Apesar de sua vasta experiência e reconhecimento institucional, Cleide não pôde atender aos requisitos formais e, assim, a família Dantas encerrou sua longa titularidade à frente do cartório de Currais Novos.
Paralelamente à intensa vida profissional, a trajetória de Tarcísio também se construiu no plano pessoal. Em 1972, durante uma festa de debutantes na cidade de Acari, ao som da banda natalense Os Tropicalistas, conheceu Cleide, então uma jovem de olhos verdes e postura reservada.
O encontro, marcado pela informalidade de uma dança improvisada, deu início a um relacionamento duradouro que resultaria em casamento e na formação de uma família que lhe serviria de base afetiva ao longo de toda a carreira. Seu irmão, Luiz Alberto Dantas Júnior, conhecido como Doutor Luizinho, também iniciou a vida profissional no cartório, mas seguiu vocação distinta, formando-se em Direito e construindo carreira na magistratura, com atuação na Vara da Fazenda Pública e na Corregedoria da Justiça.

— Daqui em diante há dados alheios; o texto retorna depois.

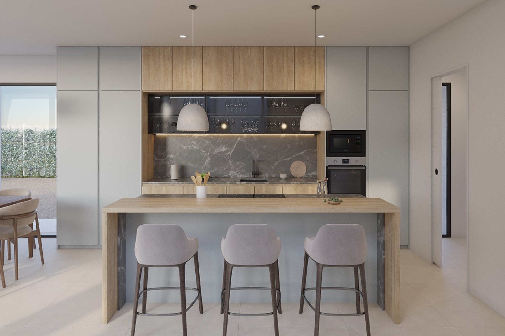 The home is characterized by rooms that open onto the garden and pool, creating a seamless natural transition between the interior and exterior. An elegant patio open to the living room becomes a centerpiece space, ideal for enjoying the surroundings and natural light at any time of day, adding character and personality to the home and welcoming a new concept of Mediterranean living.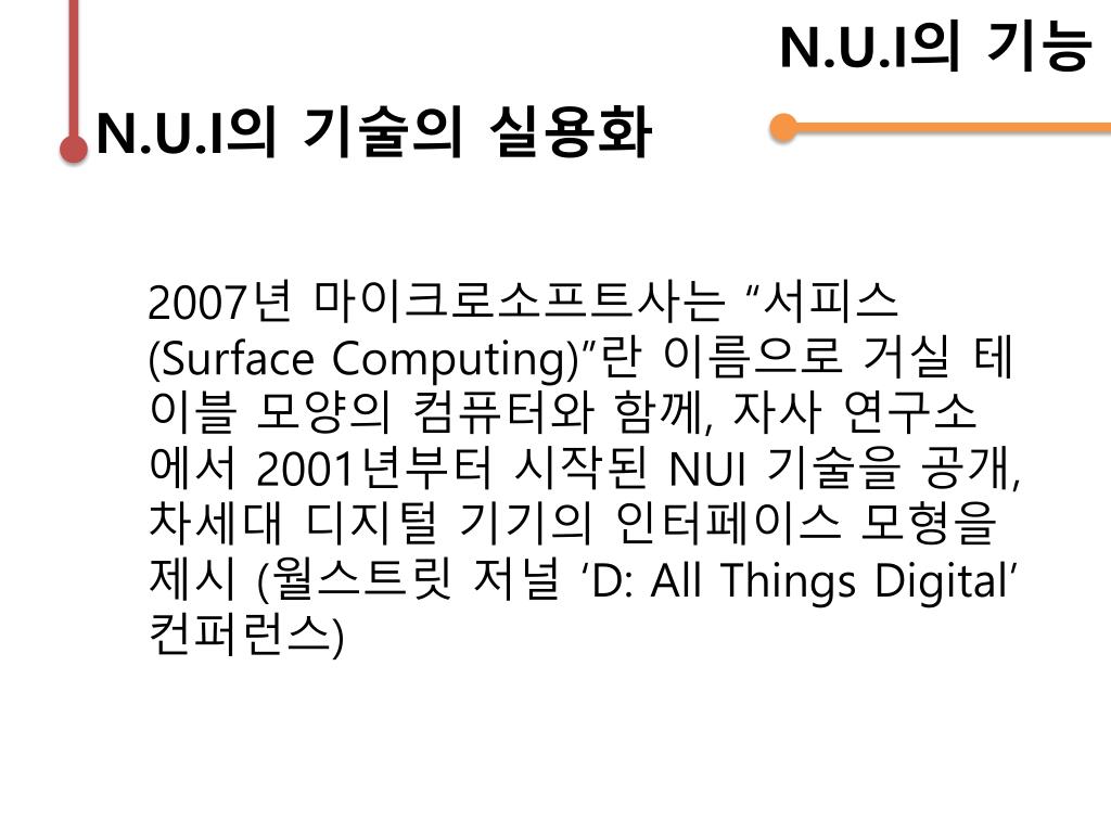 N.U.I의기능 N.U.I의 기술의 실용화 2007년 마이크로소프트사는 “서피스(Surface Computing)”란 이름으로거실테이블모양의컴퓨터와함께, 자사연구소에서 2001년부터 시작된 NUI 기술을공개, 차세대디지털기기의인터페이스모형을제시 (월스트릿저널 ‘D: All Things Digital’ 컨퍼런스)

A trajetória de Tarcísio Alberto Dantas, assim como a de seu pai, transcende a dimensão individual e familiar. Ela constitui um testemunho privilegiado da evolução dos serviços cartorários e da própria organização institucional brasileira.
Do tempo do bico de pena, da tinta e da datilografia manual à era das exigências acadêmicas e da normatização rigorosa, sua vida profissional acompanhou e refletiu as transformações do Estado e da sociedade.
O cartório da família Dantas foi, por décadas, guardião da fé pública em Currais Novos, registrando nascimentos, casamentos, negócios e despedidas que compõem a memória coletiva da cidade. Seu legado permanece não mais na sucessão direta, mas na história, na confiança construída e na contribuição duradoura para a vida civil da comunidade.